My HUD beeped, letting me know the lasers were, in fact, the temperature of the sun, and I scowled. Then I cracked my neck and stretched. Why? Because I was going to do something stupid.
I launched myself forward because if I thought about it for even a second, there was no way I was going to even try. Instead, I trusted the instincts downloaded into my brain and the training I’d received at the hands of Chuck. I twisted, turned, and pirouetted. I got so close to the lasers, I could feel the heat of them singeing my hair even through my suit, but in the end, I stood on the other side of them.
“See, James Bond has nothing on me!” I snapped, shaking my fist in triumph just before the floor beneath my feet opened up, and I fell into an abyss. I smacked into the water below with a splash. The heat was sucked from my body as cold filled me, and my HUD went all kinds of blurry.
My arms flailed wildly as I swam toward where I hoped the surface was, my lungs burning for air because evidently, my suit didn’t help with breathing underwater in the cold. Good to know.
I broke the surface a moment later, but it was so dark I couldn’t see anything. I tried to adjust my HUD to switch the night vision, but it was too wonky, so in the end, I turned it off. The cool breeze on my face made me shiver as I treaded water in the dark. That’s when things started brushing by my legs. I screamed. I couldn’t help it and searched frantically for a flashlight. Thankfully, one popped into my hand, and I switched it on.
Part of me wished I hadn’t. The water was filled with leeches. They were busy attaching themselves to my suit and sucking at me, and while I couldn’t feel them directly, it made me realize one thing. My suit no longer covered my face. I ran one hand through my hair and nearly had a heart attack when I brushed away a handful of the squirming, wiggling creatures.
“Mommy,” I whispered before realizing how stupid that was. Both my adoptive mother and my biological were dead. They wouldn’t help me. I steeled myself and scanned the room with my flashlight, ignoring the wiggling slimy things all over my body. It was one of the most difficult things I’d ever done.
Near as I could tell, I was in some kind of pool, but the edges seemed far away.
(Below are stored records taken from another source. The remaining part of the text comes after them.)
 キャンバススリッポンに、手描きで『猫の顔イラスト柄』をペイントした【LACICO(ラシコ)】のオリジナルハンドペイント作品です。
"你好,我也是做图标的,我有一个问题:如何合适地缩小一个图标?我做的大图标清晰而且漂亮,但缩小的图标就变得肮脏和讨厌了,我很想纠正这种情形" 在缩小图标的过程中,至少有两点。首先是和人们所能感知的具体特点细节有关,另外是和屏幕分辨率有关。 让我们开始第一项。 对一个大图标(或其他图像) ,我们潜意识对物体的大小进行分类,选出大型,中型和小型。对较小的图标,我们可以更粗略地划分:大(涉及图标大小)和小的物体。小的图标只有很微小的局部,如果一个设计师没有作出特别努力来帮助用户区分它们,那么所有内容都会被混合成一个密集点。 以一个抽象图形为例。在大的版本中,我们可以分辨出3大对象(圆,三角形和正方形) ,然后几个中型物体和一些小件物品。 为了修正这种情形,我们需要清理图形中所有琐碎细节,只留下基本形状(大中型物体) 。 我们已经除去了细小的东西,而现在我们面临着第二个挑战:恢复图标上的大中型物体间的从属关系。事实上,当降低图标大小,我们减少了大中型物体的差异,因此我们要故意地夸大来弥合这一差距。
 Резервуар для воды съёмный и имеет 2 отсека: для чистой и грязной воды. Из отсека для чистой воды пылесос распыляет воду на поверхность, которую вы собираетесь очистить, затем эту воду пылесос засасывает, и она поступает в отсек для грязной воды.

The closest one was over ten meters from me. I shivered again, and as I began to swim toward it, something brushed by my leg again. The same thing from earlier. I’d dismissed it, thinking it was the leeches, but what if it wasn’t? I shined my light into the depths but saw nothing. Great.
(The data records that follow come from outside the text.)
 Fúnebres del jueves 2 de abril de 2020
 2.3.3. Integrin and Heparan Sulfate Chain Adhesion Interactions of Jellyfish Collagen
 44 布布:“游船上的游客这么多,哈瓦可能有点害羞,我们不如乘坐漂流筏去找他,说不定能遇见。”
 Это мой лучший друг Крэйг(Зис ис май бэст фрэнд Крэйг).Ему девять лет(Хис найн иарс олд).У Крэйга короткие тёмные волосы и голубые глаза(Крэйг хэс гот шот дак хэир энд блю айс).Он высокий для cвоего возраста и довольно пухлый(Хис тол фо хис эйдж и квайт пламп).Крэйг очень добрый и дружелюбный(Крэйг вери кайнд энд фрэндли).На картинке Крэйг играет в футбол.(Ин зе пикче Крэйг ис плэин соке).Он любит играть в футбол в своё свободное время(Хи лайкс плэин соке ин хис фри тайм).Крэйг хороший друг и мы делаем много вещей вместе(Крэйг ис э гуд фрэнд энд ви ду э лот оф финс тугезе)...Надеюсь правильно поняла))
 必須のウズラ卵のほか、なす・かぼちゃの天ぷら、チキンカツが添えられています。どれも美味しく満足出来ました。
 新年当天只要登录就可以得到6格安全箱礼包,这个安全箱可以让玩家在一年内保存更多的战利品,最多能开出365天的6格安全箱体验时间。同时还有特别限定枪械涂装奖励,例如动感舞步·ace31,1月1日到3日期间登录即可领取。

“Screw this,” I cried and began swimming toward the edge as fast as my frantic, wounded seal-like strides would carry me. Michael Phelps, I was not. I was almost to the edge when a purple tentacle wrapped around my flashlight and tugged it from my hand. The light went out, leaving me alone in the dark.
“It’s only an octopus,” I told myself like that somehow made it better as my heart tried to hammer its way out of my chest. I bit my lip to keep more horrible thoughts away, like maybe it was some kind of giant squid about to eat me and moved to where I thought the edge was. It was hard because I could barely make anything out.
The feel of warm breath on my neck gave me a start because it had been so frigid and because, well, something was breathing on me. I whirled around, thrashing like a crazy person and wound up punching an octopus in its face. At least I think it was an octopus because I couldn’t see it, but it sort of felt like this time I’d poked an octopus at Sea World.
Tentacles wrapped around my body and jerked me beneath the surface of the pool. I swallowed a mouthful of water that tasted like slime and bugs, hurting my throat and making me gag, which was no bueno under water, let me tell you. Especially because slimy, wiggling things filled my mouth.
I kicked, my limbs lashing out as I felt myself getting pulled further down. Nothing was working. No. No this wasn’t happening. I was not going to die being drowned in a pool by a ginormous octopus. Absolutely not.